** Opening Source material block **
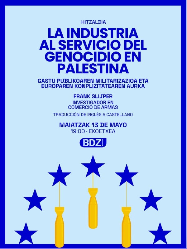 Hitzaldia antolatu dugu Frank Slijper arma-merkataritza ikertzailearekin, 2024an Herbehereek F-35 ehiza-hegazkinaren piezak Israelera bidaltzea geldiaraztea lortu zuen salaketan parte hartu zuena.
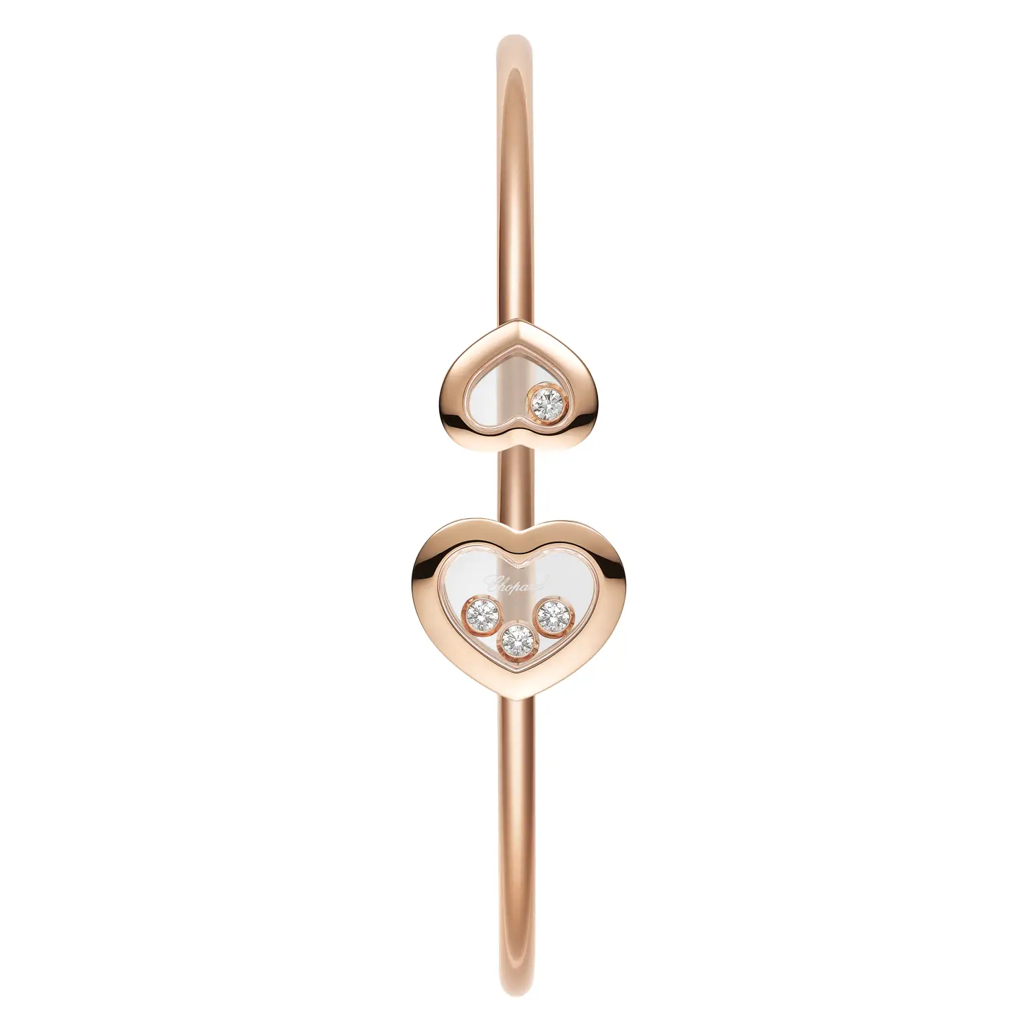 Dieser elegante Armreif aus der Happy Diamonds Icons-Kollektion verkörpert Chopards unverkennbaren Stil – eine harmonische Verbindung aus Leichtigkeit, Bewegung und Eleganz. Gefertigt aus 18 kt Roségold, ist er mit vier frei beweglichen Diamanten von insgesamt ca. 0,20 ct besetzt, die zwischen zwei Saphirgläsern eingefasst sind und bei jeder Bewegung aufleuchten.
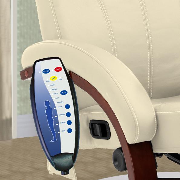 Toto elegantně navržené polohovatelné masážní relaxační televizní křeslo nabízí bodovou masáž v 5 režimech, stejně jako funkci vytápění pro 3 oblasti, kterou lze snadno použít s dálkovým ovladačem. Čalounění elegantní béžovou koženkou, která je měkká na dotek. Křeslo je vybaveno měkkým polstrováním, vysokou opěrkou zad, zakřivenými loketními opěrkami a polštářem pro hlavu zaručujícím dlouhé a pohodlné sezení. Vhodné pro všechny moderní nebo tradiční interiéry, obývací pokoje, studovny nebo ložnice.
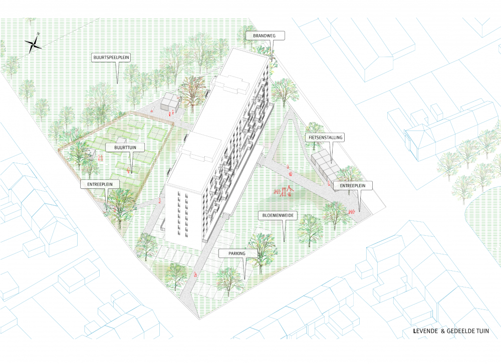 | programma | revitaliseren van een sociaal woongebouw (64 units) en de omliggende publieke ruimte | |
** Closing Source material block **
Please return exactly the lines above, from where the listing starts to the line holding "Dieser elegante Armreif", inclusive, with the pictures omitted.

Answer section:
 Hitzaldia antolatu dugu Frank Slijper arma-merkataritza ikertzailearekin, 2024an Herbehereek F-35 ehiza-hegazkinaren piezak Israelera bidaltzea geldiaraztea lortu zuen salaketan parte hartu zuena.
 Dieser elegante Armreif aus der Happy Diamonds Icons-Kollektion verkörpert Chopards unverkennbaren Stil – eine harmonische Verbindung aus Leichtigkeit, Bewegung und Eleganz. Gefertigt aus 18 kt Roségold, ist er mit vier frei beweglichen Diamanten von insgesamt ca. 0,20 ct besetzt, die zwischen zwei Saphirgläsern eingefasst sind und bei jeder Bewegung aufleuchten.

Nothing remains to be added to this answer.